◆ **Activity**
From the first line of the material below through the line containing "Carne de Cerdo", print every line exactly as it stands, but no pictures.

◆ **Collected material**

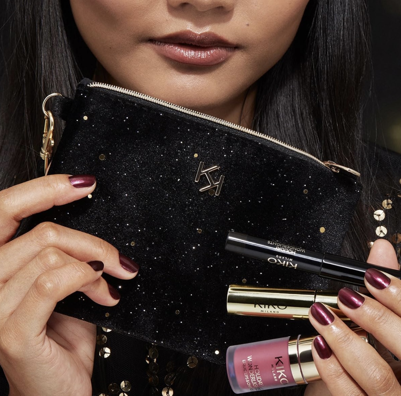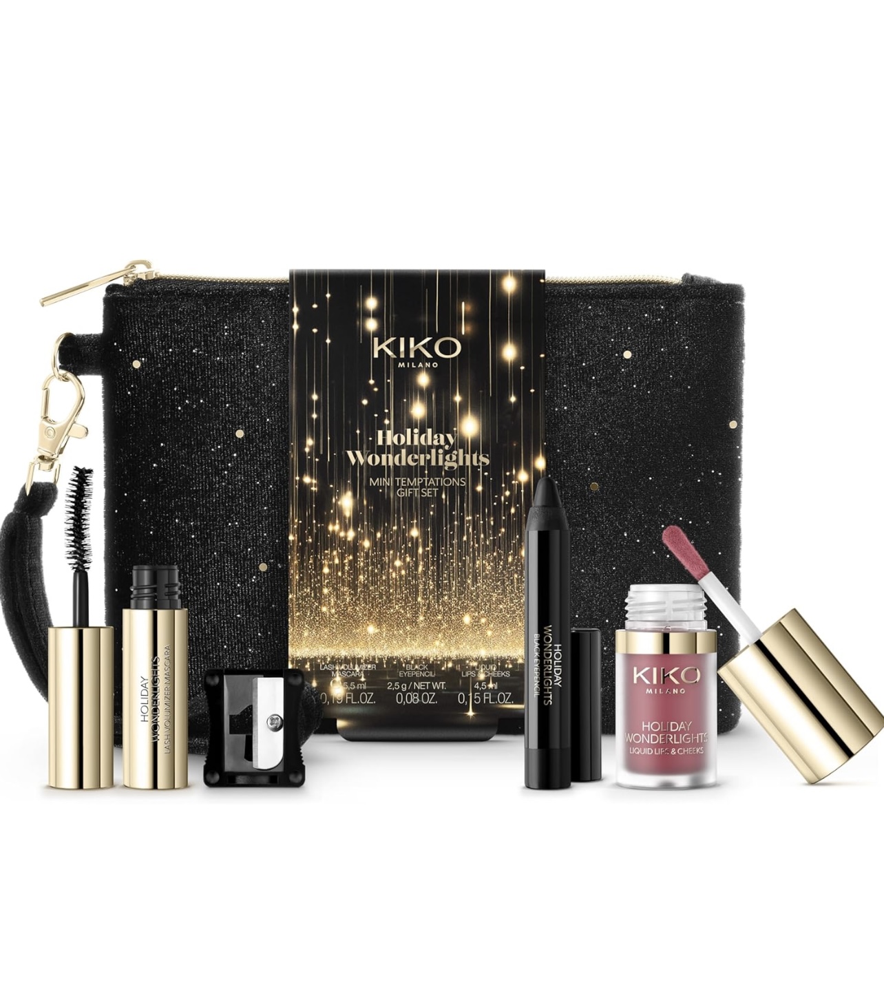 Coffret maquillage composé d’un mascara à effet volumateur, d’un crayon noir pour les yeux, d’un rouge à lèvres et d’un blush liquide en format mini dans une pochette raffinée.
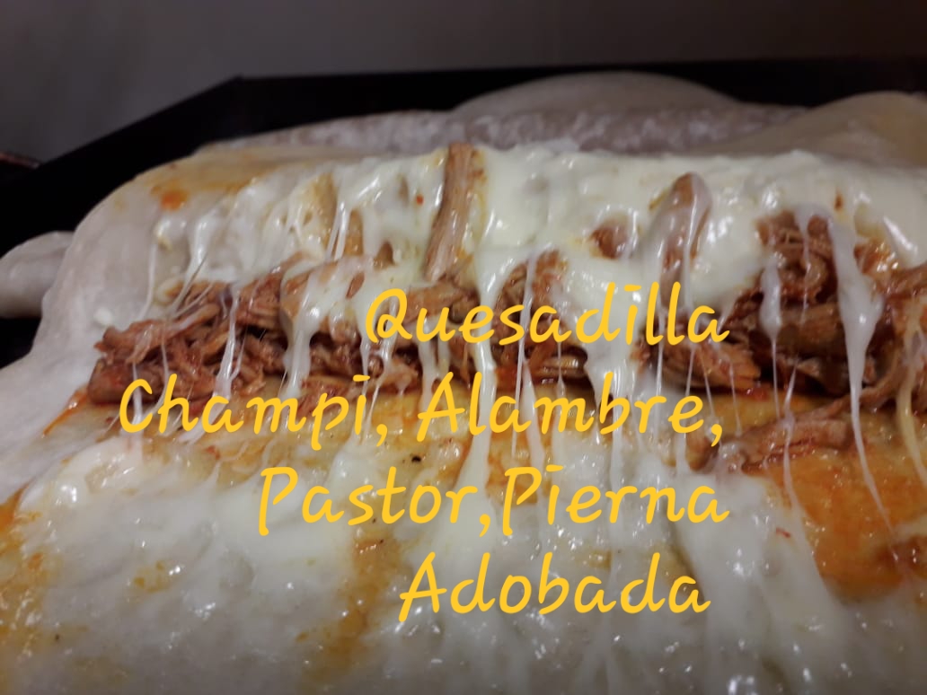 Carne de Cerdo Marinada y un toque de cebollita frita en tortilla de harina de 25 cm al comal más queso asadero.
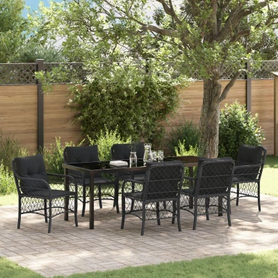 This Modern Garden Dining Set redefines outdoor elegance with its powder-coated steel frame paired with poly rattan, presenting a chic, minimalist style perfect for alfresco dining. Its sleek lines create a welcoming table setting, ideal for gatherings with family or friends on sun-drenched patios or in private garden enclaves. The set brings a modern flair to your outdoor space, blending functionality with atmosphere, making every meal outside an occasion. Modern Construction: Meticulously designed using powder-coated steel and poly rattan, ensuring a sturdy yet visually appealing structure. This material combination makes the set resilient against outdoor elements, promising longevity and a fresh appearance, perfect for outdoor gatherings. Comfort Enhancements: The set includes seat cushions crafted with weather-resistant outdoor fabric. These cushions, equipped with removable covers, combine comfort with practicality, making it easy to maintain their cleanliness and freshness. Stylish Tempered Glass Surface: A chic tempered glass tabletop that complements the sleek black frame adds sophistication and ease to your dining area. It's easy to clean, providing convenience while enhancing the aesthetic appeal of your outdoor dining space. Simplified Maintenance: Designed with straightforward care in mind, use a cover when not in use to protect the set from weather exposure. This easy upkeep ensures a lasting, pristine condition, ready for any unexpected garden soirees. Ergonomic Armrests: Thoughtfully crafted flat poly rattan armrests provide ergonomic comfort, supporting relaxed dining, whether enjoying casual meals or festive outdoor celebrations with family and friends.
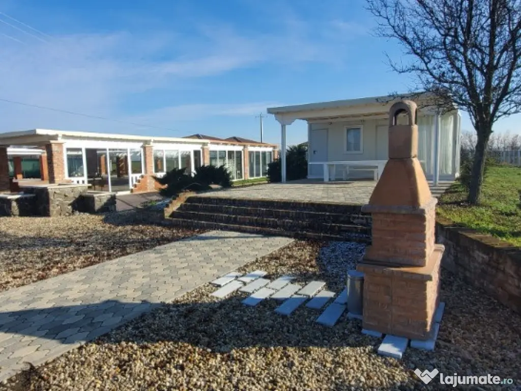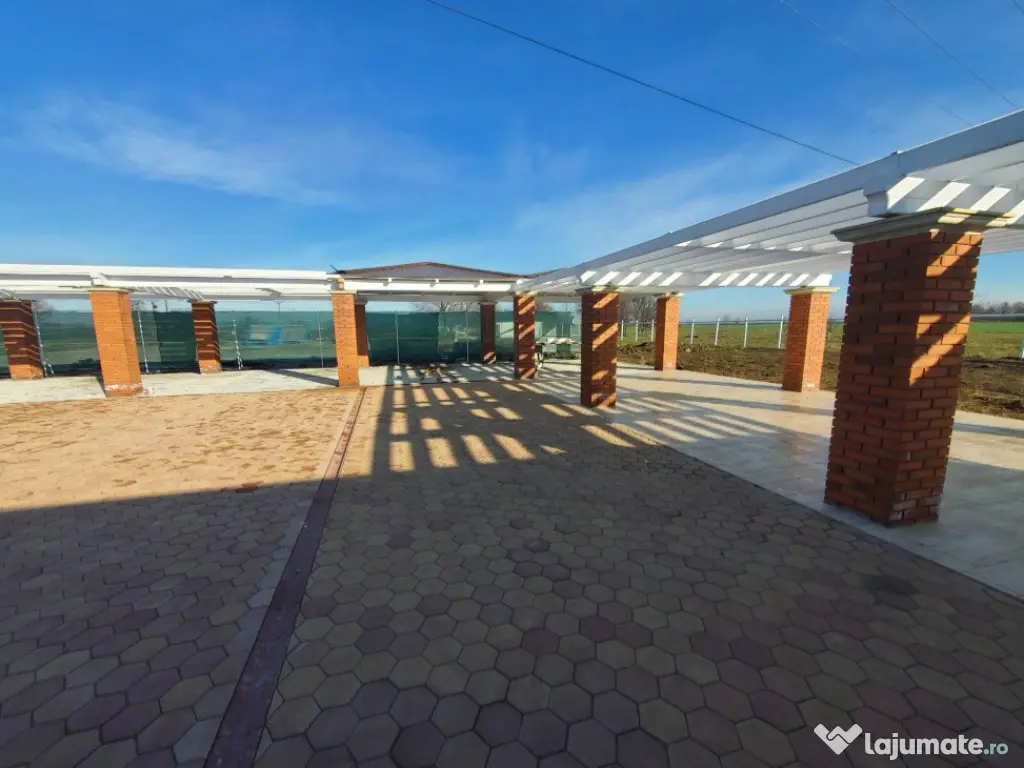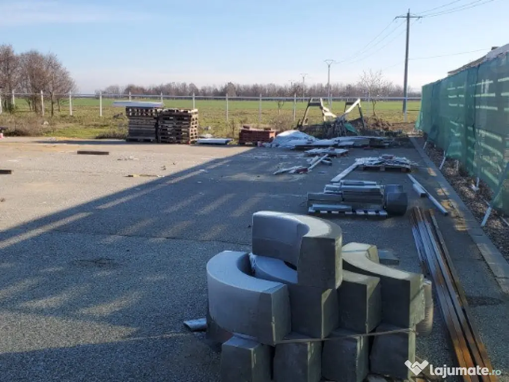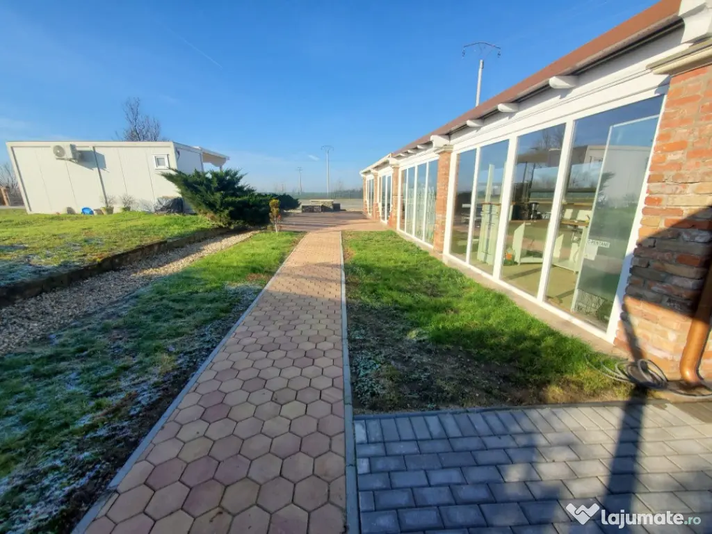 Vand teren cu constructii. Proprietatea în suprafata de 41.000 mp cu un fs de 390 ml, la DN Arad-Oradea situat în vecinătatea Domeniului Lupas. Are acces din DN 79 Arad-Oradea, branșament la apa de la rețea cât si propriile fântâni, curent si propria canalizare. În prezent este o zona administrativa tip container cu grup sanitar funcțională, o magazie, o terasa în suprafata de 560 mp care este în proporție de 90%finalizata. Grupuri sanitare și duș finalizate,zona parcare finalizata, împrejmuirea este gata pe o suprafață de 2.5 Ha unde este subtraversata toată linia de curent, inclusiv iluminatul stradal care este automatizat.Proprietatea are o suprafață de peste 6.000 mp pavaj +platforme betonate aprox 1.500 mp+ drumuri interioare asfaltate și pavate. Locația are autorizație de construcții si proiect pt construirea unei săli de evenimente în suprafata de 860 mp situată lângă terasa existenta și construirea unui alt grup sanitar. Pret : 29 euro/mp. ID : RH-35752-property

◆ **Response for this exercise**
 Coffret maquillage composé d’un mascara à effet volumateur, d’un crayon noir pour les yeux, d’un rouge à lèvres et d’un blush liquide en format mini dans une pochette raffinée.
 Carne de Cerdo Marinada y un toque de cebollita frita en tortilla de harina de 25 cm al comal más queso asadero.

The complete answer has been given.